A good source for more information is the S.M.A.R.T. wikipedia page.
Installation
On Debian or Ubuntu systems:
$ sudo apt-get install smartmontools
On Fedora:
$ sudo yum install smartmontools
Capabilities and Initial Tests
smartmontools comes with two programs: smartctl which is meant for interactive use and smartd which continuously monitors S.M.A.R.T. Let’s look at smartctl first:
$ sudo smartctl -i /dev/sda
Replace /dev/sda with your hard drive’s device file in this command and all subsequent commands. If there’s only one hard drive in the system, it should be /dev/sda or /dev/hda. If this command fails, you may need to let smartctl know what type of hard drive interface you’re using:
$ sudo smartctl -d TYPE -i /dev/sda
where TYPE is usually one of ata, scsi, or sat (for serial ata). See the smartctl man page for more information. Note that if you need -d here, you will need to add it to all smartctl commands. This should print information similar to:
=== START OF INFORMATION SECTION === Model Family: SAMSUNG SpinPoint T133 series Device Model: SAMSUNG HD300LJ Serial Number: S0D7J1UL303628 Firmware Version: ZT100-12 User Capacity: 300,067,970,560 bytes Device is: In smartctl database [for details use: -P show] ATA Version is: 7 ATA Standard is: ATA/ATAPI-7 T13 1532D revision 4a Local Time is: Fri Jan 2 03:08:20 2009 EST SMART support is: Available - device has SMART capability. SMART support is: Enabled
Now that smartctl can access the drive, let’s turn on some features. Run the following command:
$ sudo smartctl -s on -o on -S on /dev/sda
- -s on: This turns on S.M.A.R.T. support or does nothing if it’s already enabled.
- -o on: This turns on offline data collection. Offline data collection periodically updates certain S.M.A.R.T. attributes. Theoretically this could have a performance impact. However, from the smartctl man page:
Normally, the disk will suspend offline testing while disk accesses are taking place, and then automatically resume it when the disk would otherwise be idle, so in practice it has little effect.
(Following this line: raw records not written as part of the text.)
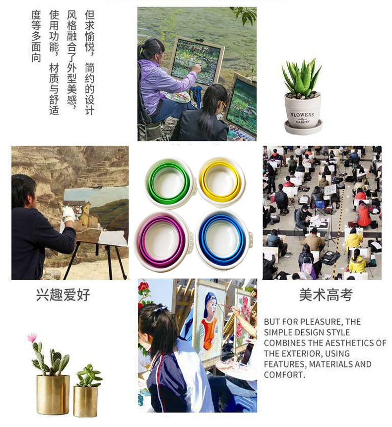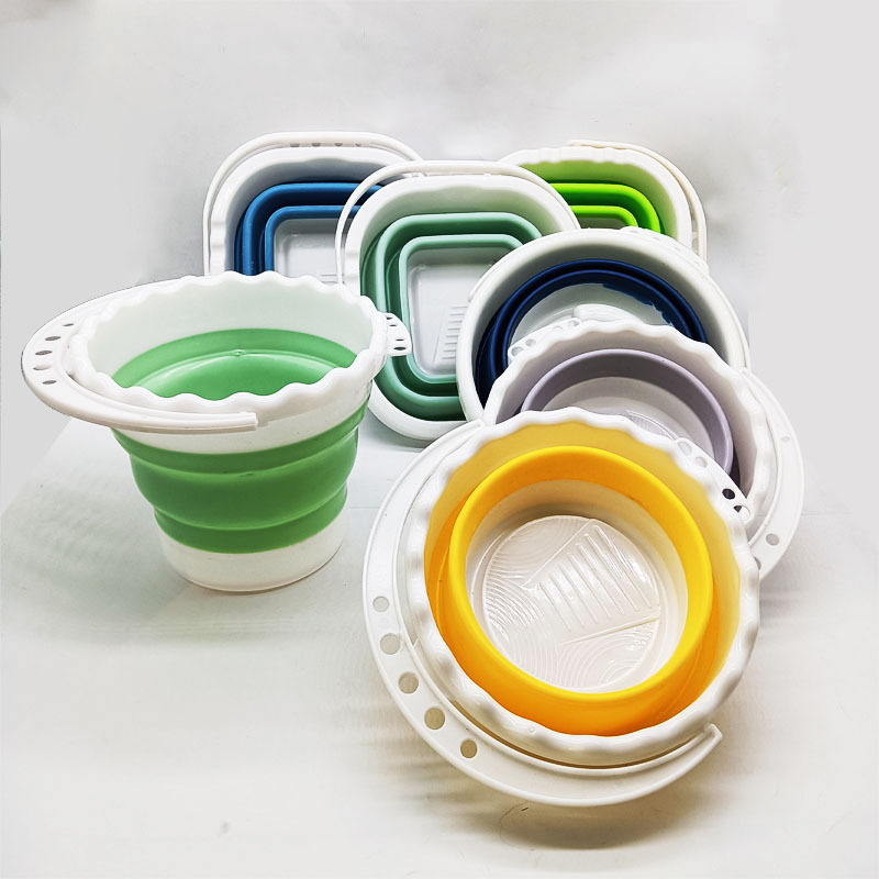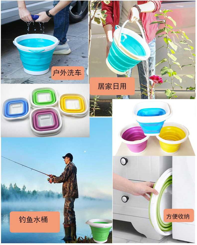 Cubo plegable multifuncional portátil de silicona de plástico cubo de la pesca suministros de arte al aire libre boceto titular de la pluma
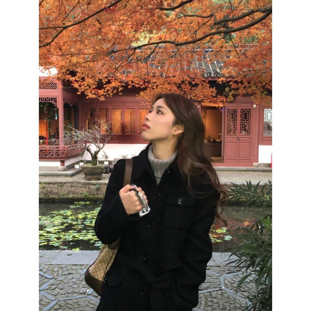 首页> 女装> 【墨棕余韵】复古时尚设计感毛呢大衣简约通勤收腰系带呢子外套女
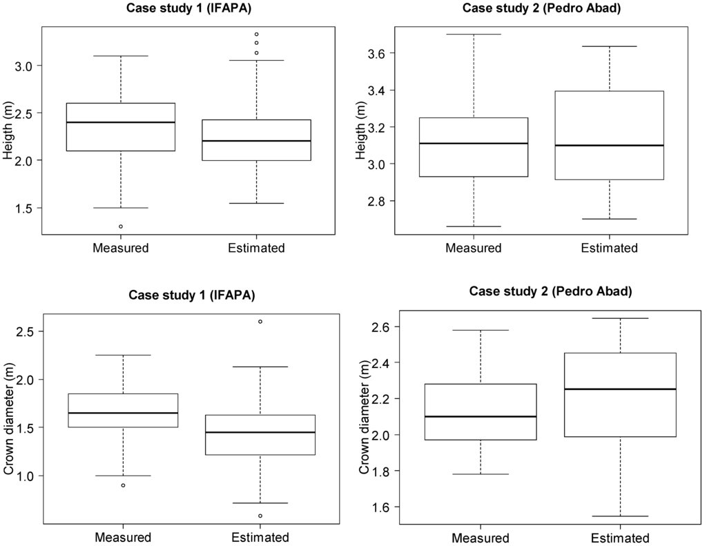 Tree crown delineations were then exported as polygons, and the tree crown diameters were measured using the QGis V 2.2.0 (®Free Software Foundation, Inc., Boston, MA, USA) package. Measures were done following the same protocols as in the field measurements, i.e., cross measurements and averaging for the individual trees in the IFAPA case and width across the rows in the Pedro Abad case.
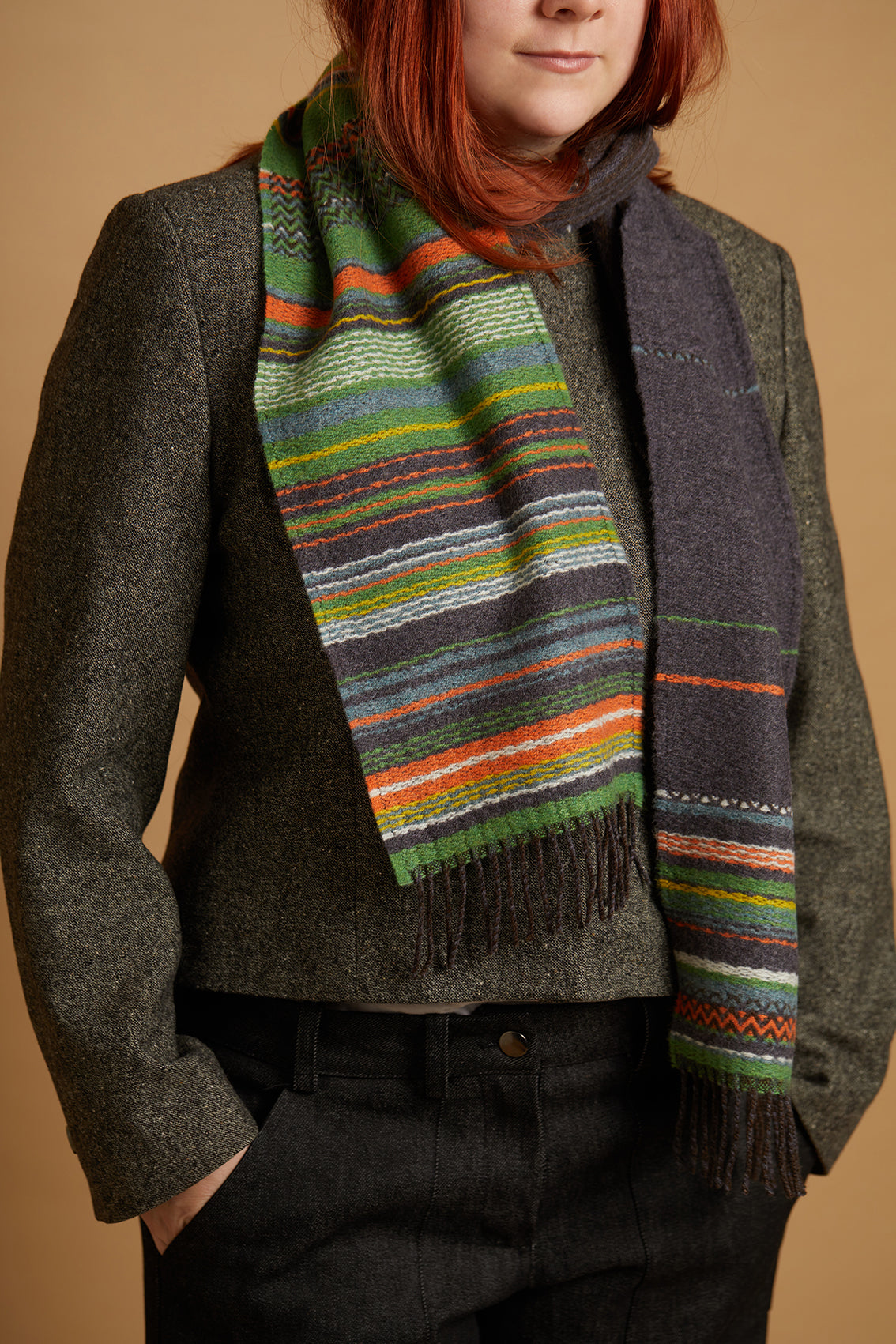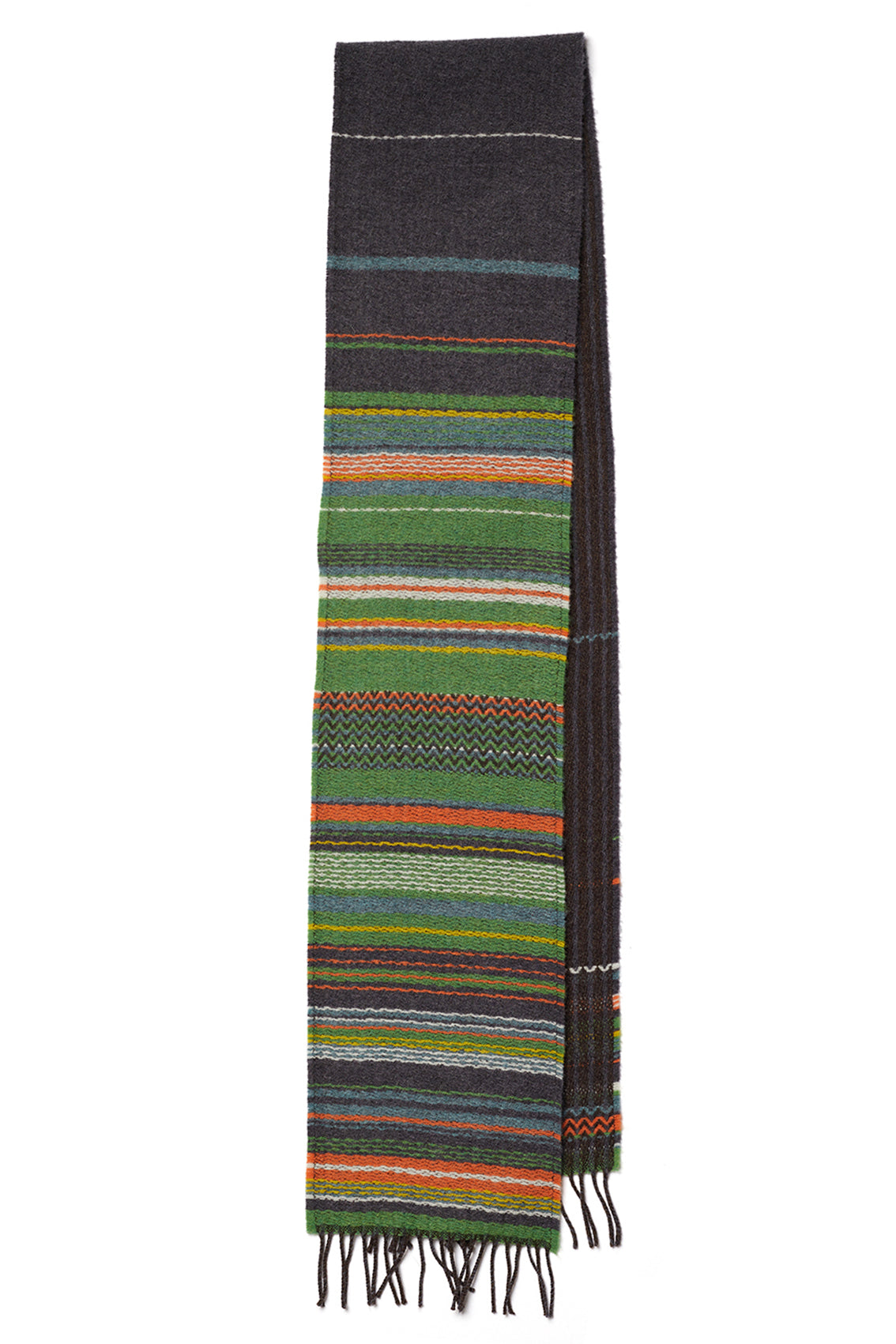 A fun, asymmetric design featuring one side of condensed stripe, which dissipates throughout the middle before gathering again at the other end of the scarf.

- -S on: This enables “autosave of device vendor-specific Attributes”.
The command should return:
=== START OF ENABLE/DISABLE COMMANDS SECTION === SMART Enabled. SMART Attribute Autosave Enabled. SMART Automatic Offline Testing Enabled every four hours.
Next, let’s check the overall health:
$ sudo smartctl -H /dev/sda
This command should return:
=== START OF READ SMART DATA SECTION === SMART overall-health self-assessment test result: PASSED
If it doesn’t return PASSED, you should immediately backup all your data. Your hard drive is probably failing. Next, let’s make sure that the drive supports self-tests. I have yet to see a drive that doesn’t, but the following command also gives time estimates for each test:
$ sudo smartctl -c /dev/sda
I won’t list the complete output because it’s somewhat lengthy. Make sure “Self-test supported” appears in the “Offline data collection capabilities” section. Also, look for output similar to:
Short self-test routine recommended polling time: ( 2) minutes. Extended self-test routine recommended polling time: ( 127) minutes.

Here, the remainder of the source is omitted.